* _Task objective_: Using the entries that follow, transcribe only the lines from the line with "Материал: Неръждаема стомана" to the line with "[신상오픈런]여성 시스루 랩 블라우스 입술넥 옆버튼 봄 패션", both included, exactly as they stand and without pictures.
Segment Start: Records for this exercise
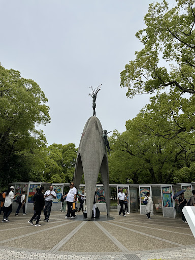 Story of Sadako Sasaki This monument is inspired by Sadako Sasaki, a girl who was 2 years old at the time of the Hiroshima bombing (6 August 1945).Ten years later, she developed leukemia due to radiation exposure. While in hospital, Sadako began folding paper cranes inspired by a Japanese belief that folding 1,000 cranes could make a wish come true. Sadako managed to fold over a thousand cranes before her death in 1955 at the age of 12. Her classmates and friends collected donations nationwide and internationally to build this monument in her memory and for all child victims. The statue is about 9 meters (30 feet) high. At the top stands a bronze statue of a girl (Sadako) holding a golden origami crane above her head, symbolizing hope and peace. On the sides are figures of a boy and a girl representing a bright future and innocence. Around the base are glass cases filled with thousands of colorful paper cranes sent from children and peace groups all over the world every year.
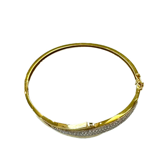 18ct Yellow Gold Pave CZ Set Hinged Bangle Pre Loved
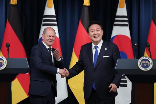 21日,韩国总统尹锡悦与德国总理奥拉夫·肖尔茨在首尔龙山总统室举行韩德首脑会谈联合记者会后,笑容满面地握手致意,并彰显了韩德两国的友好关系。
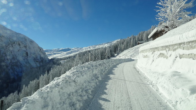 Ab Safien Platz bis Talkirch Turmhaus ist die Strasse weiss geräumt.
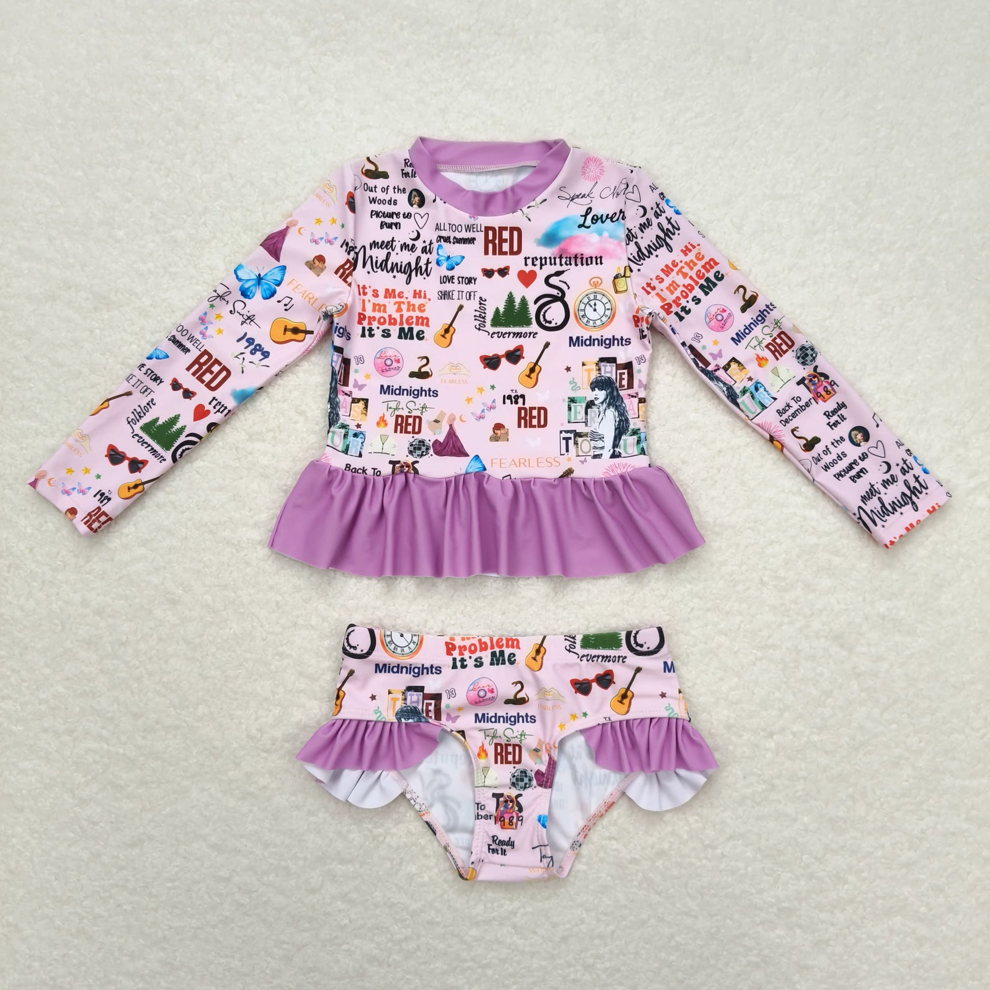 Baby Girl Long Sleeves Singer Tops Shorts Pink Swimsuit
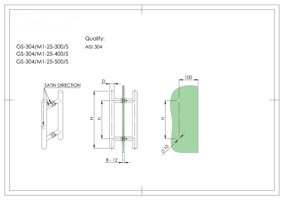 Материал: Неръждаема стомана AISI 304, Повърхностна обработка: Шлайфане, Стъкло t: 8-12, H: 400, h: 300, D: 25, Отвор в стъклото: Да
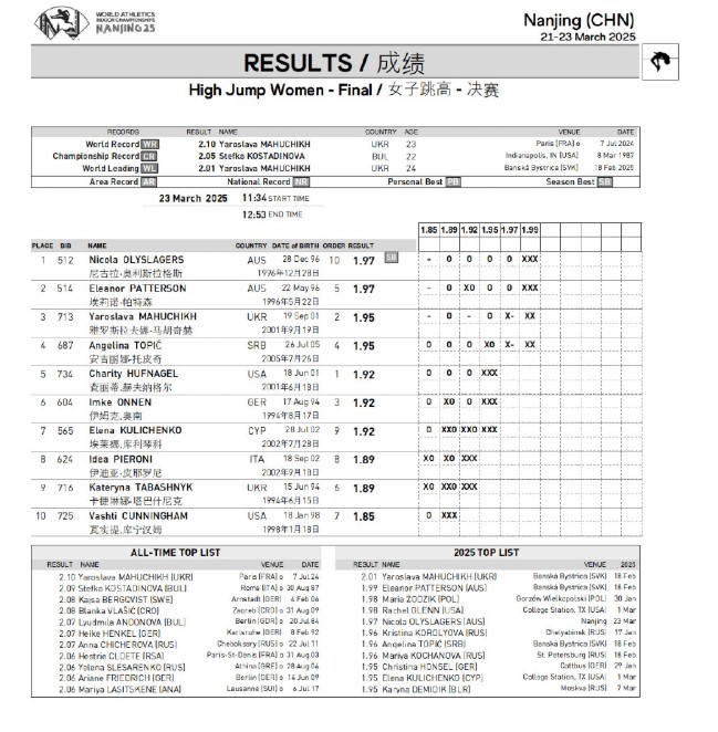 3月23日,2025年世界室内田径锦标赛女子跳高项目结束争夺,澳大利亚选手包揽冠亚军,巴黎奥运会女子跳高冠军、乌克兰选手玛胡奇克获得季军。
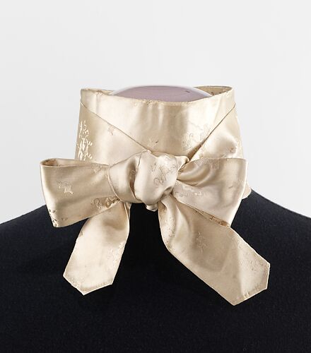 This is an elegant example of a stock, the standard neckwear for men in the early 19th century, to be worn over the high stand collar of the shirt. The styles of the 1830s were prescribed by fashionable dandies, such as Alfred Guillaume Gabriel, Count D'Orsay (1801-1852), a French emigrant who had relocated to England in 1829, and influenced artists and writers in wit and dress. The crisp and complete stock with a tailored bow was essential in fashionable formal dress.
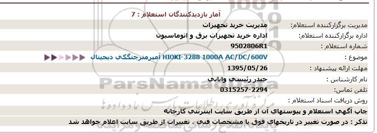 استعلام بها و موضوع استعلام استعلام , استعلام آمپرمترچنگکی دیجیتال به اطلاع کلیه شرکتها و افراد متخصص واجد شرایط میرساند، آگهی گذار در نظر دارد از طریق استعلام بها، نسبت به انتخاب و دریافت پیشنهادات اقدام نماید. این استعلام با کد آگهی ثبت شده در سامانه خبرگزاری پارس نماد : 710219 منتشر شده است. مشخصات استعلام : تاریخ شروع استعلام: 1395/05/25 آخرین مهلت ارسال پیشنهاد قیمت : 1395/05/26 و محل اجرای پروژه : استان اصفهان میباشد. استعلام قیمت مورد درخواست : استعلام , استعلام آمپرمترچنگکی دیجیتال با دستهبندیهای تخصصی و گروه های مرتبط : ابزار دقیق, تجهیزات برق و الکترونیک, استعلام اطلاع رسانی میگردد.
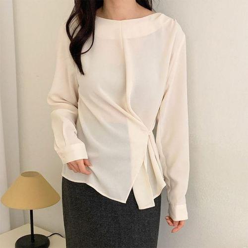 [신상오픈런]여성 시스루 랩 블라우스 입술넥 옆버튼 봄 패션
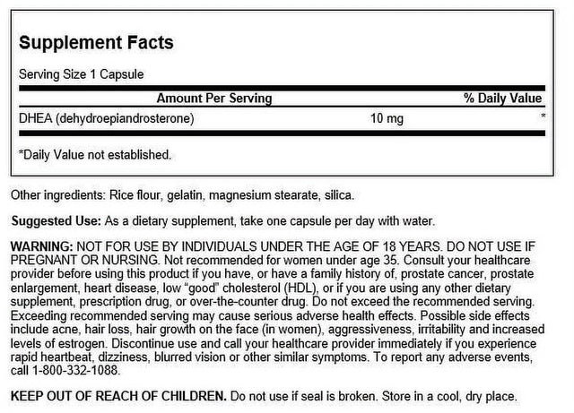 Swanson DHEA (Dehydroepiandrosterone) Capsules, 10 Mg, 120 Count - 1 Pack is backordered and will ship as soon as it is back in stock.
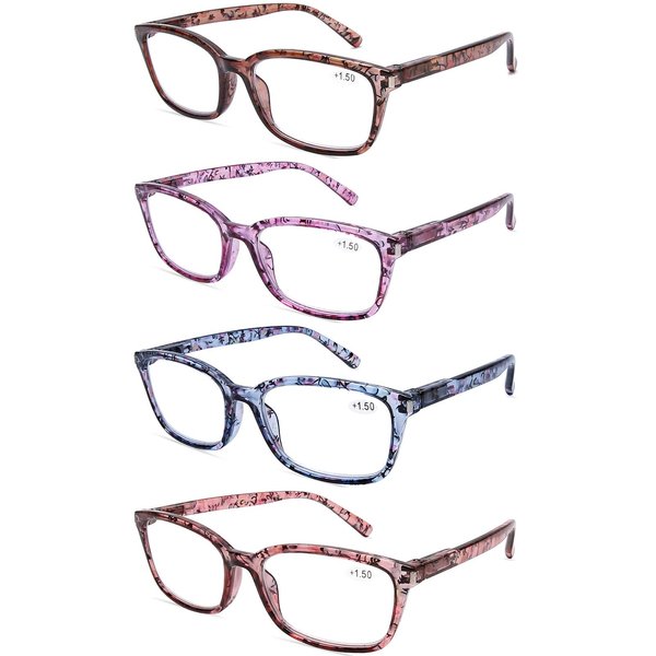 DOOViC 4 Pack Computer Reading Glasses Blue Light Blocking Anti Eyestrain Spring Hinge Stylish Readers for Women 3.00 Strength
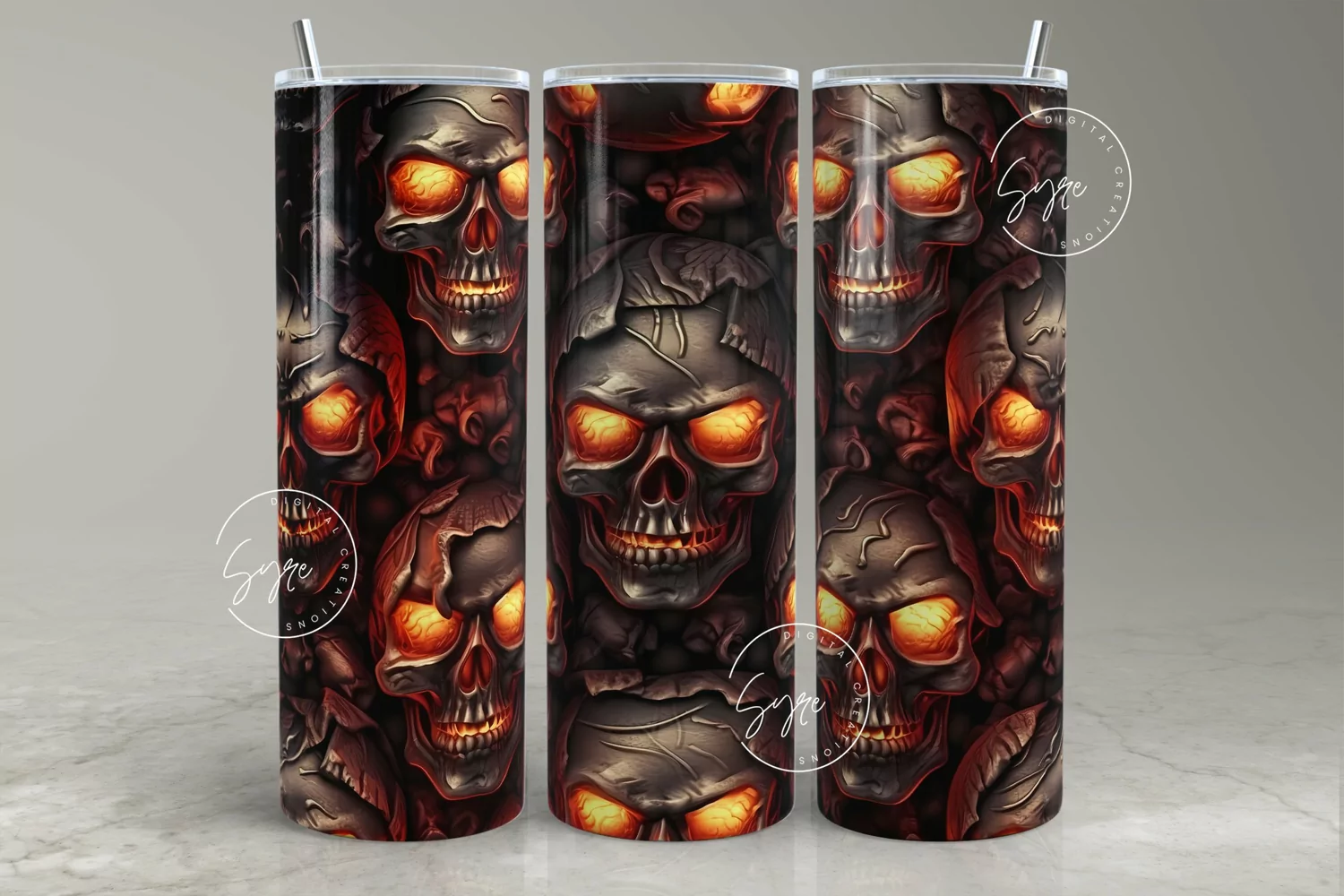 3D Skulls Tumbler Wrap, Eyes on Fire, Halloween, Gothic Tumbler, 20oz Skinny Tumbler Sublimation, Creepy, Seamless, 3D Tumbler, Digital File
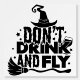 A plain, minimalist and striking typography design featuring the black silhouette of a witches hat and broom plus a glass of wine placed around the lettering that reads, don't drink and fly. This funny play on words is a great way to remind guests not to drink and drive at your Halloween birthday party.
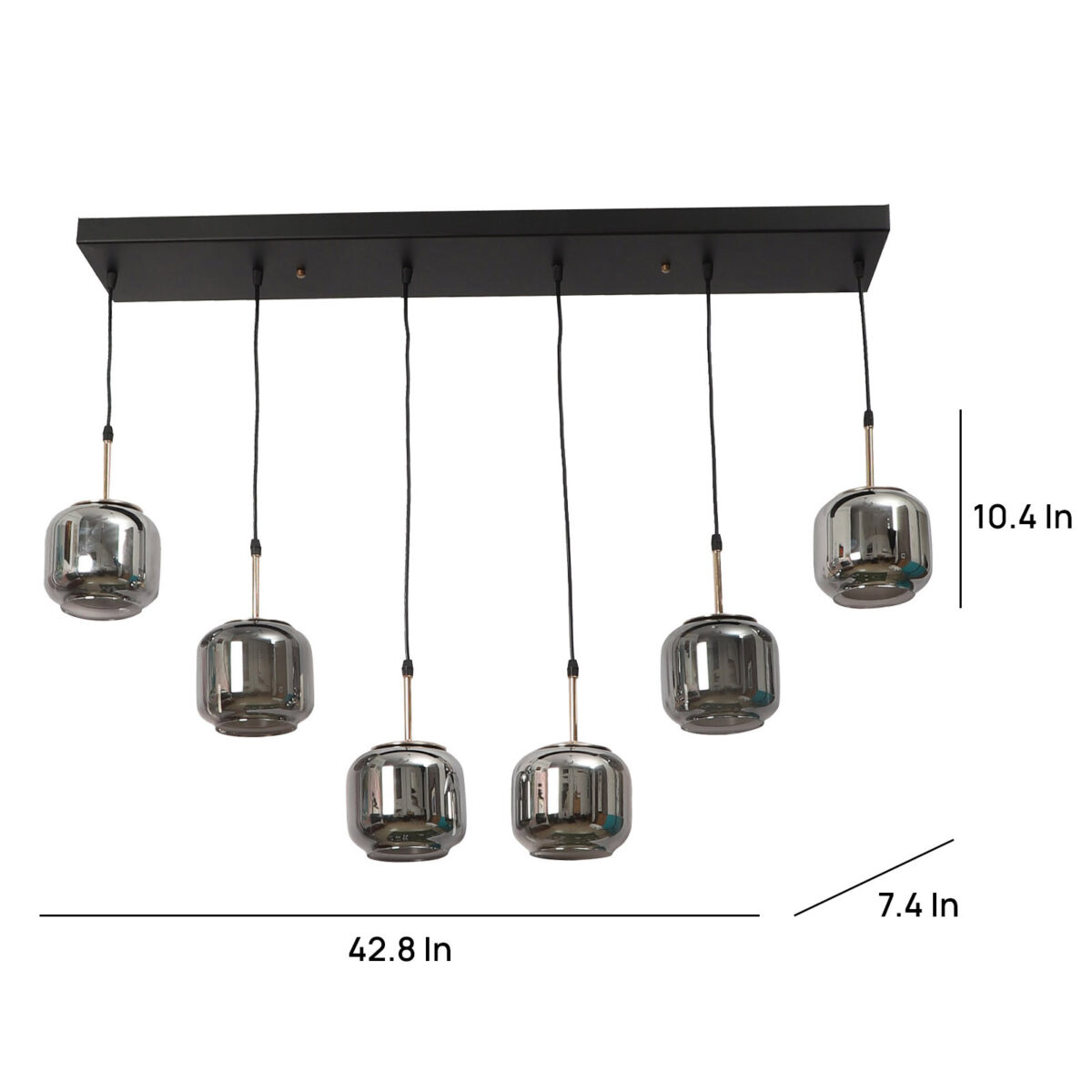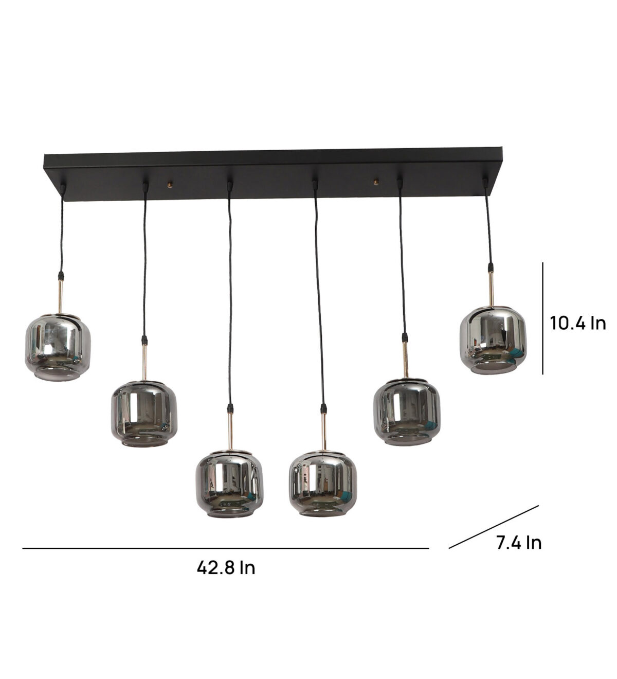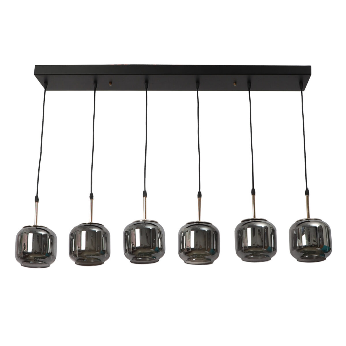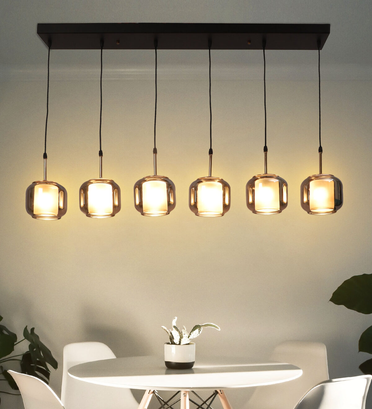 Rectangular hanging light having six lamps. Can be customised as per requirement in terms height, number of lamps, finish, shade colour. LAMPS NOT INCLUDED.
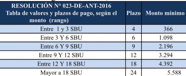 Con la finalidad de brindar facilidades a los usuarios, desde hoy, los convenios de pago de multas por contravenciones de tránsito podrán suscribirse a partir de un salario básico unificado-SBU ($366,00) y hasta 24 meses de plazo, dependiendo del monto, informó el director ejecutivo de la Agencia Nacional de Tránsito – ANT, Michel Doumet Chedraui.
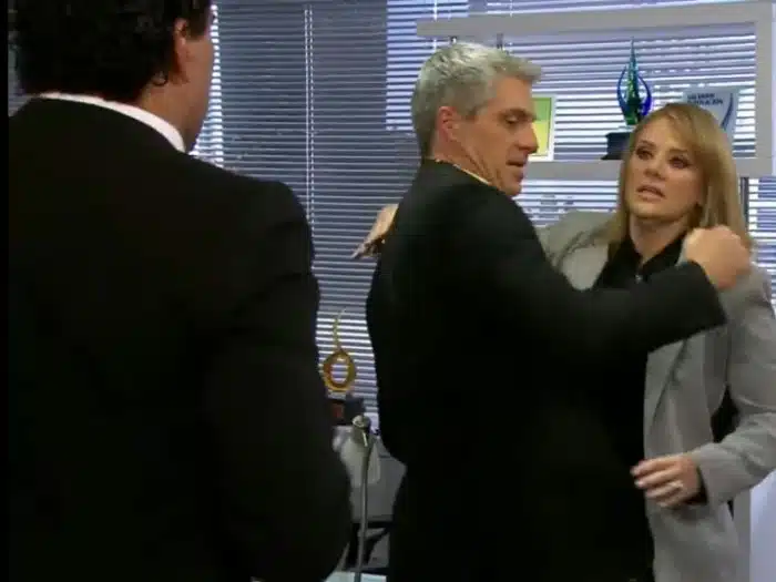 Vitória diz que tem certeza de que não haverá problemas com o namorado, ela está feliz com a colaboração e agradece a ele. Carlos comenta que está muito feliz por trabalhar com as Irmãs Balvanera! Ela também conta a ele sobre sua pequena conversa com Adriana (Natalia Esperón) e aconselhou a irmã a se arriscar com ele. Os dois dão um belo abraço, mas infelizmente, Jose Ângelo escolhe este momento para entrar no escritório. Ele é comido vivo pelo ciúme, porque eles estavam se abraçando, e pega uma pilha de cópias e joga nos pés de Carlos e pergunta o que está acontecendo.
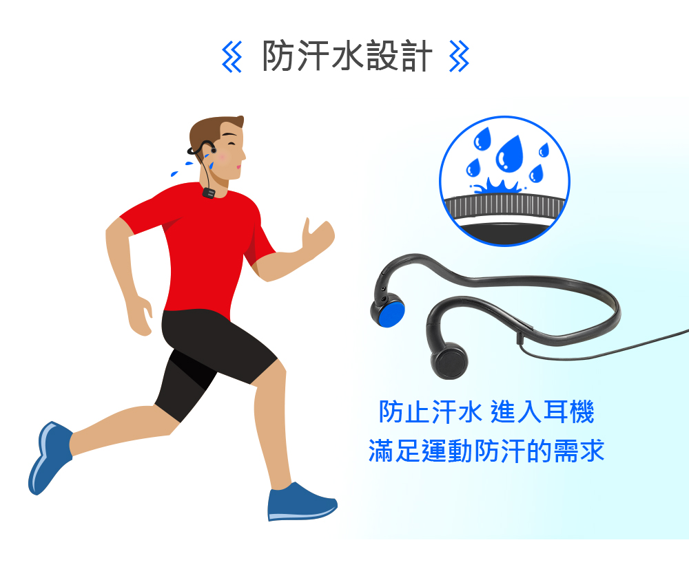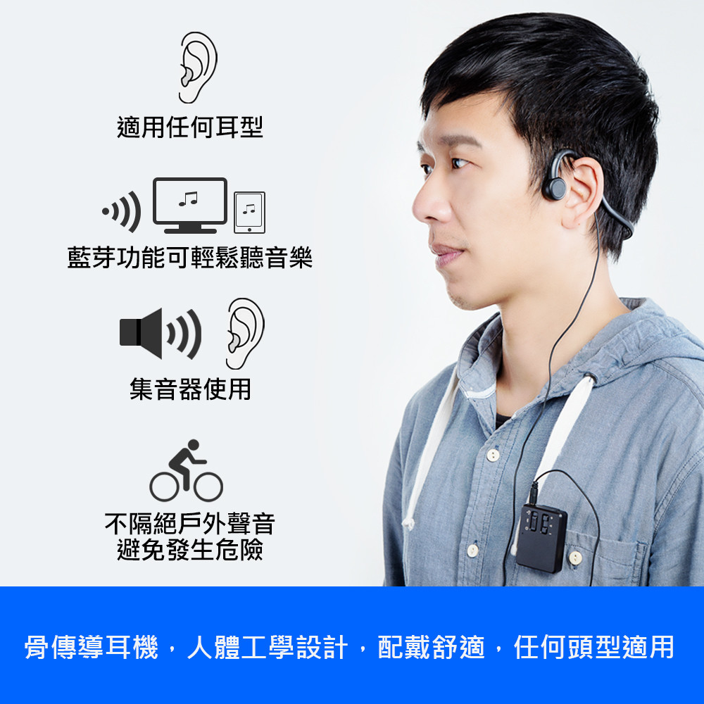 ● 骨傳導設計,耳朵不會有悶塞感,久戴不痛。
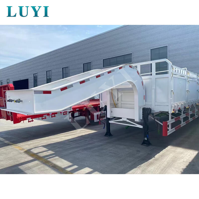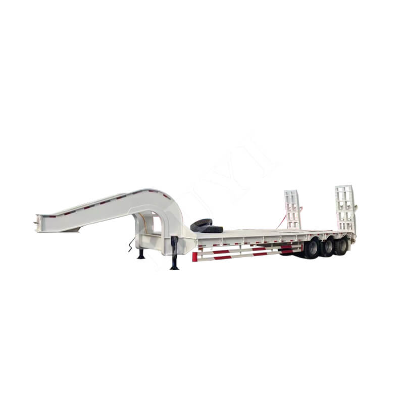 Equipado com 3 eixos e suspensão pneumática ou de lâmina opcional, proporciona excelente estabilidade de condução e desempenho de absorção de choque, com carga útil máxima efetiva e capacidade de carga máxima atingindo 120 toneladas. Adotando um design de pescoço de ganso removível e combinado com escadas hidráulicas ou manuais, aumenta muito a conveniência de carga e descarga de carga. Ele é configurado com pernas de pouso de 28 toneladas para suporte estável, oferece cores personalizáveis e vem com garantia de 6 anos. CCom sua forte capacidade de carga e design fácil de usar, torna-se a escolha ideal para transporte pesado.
Segment End: Records for this exercise
* _Output_:
 Материал: Неръждаема стомана AISI 304, Повърхностна обработка: Шлайфане, Стъкло t: 8-12, H: 400, h: 300, D: 25, Отвор в стъклото: Да
 3月23日,2025年世界室内田径锦标赛女子跳高项目结束争夺,澳大利亚选手包揽冠亚军,巴黎奥运会女子跳高冠军、乌克兰选手玛胡奇克获得季军。
 This is an elegant example of a stock, the standard neckwear for men in the early 19th century, to be worn over the high stand collar of the shirt. The styles of the 1830s were prescribed by fashionable dandies, such as Alfred Guillaume Gabriel, Count D'Orsay (1801-1852), a French emigrant who had relocated to England in 1829, and influenced artists and writers in wit and dress. The crisp and complete stock with a tailored bow was essential in fashionable formal dress.
 استعلام بها و موضوع استعلام استعلام , استعلام آمپرمترچنگکی دیجیتال به اطلاع کلیه شرکتها و افراد متخصص واجد شرایط میرساند، آگهی گذار در نظر دارد از طریق استعلام بها، نسبت به انتخاب و دریافت پیشنهادات اقدام نماید. این استعلام با کد آگهی ثبت شده در سامانه خبرگزاری پارس نماد : 710219 منتشر شده است. مشخصات استعلام : تاریخ شروع استعلام: 1395/05/25 آخرین مهلت ارسال پیشنهاد قیمت : 1395/05/26 و محل اجرای پروژه : استان اصفهان میباشد. استعلام قیمت مورد درخواست : استعلام , استعلام آمپرمترچنگکی دیجیتال با دستهبندیهای تخصصی و گروه های مرتبط : ابزار دقیق, تجهیزات برق و الکترونیک, استعلام اطلاع رسانی میگردد.
 [신상오픈런]여성 시스루 랩 블라우스 입술넥 옆버튼 봄 패션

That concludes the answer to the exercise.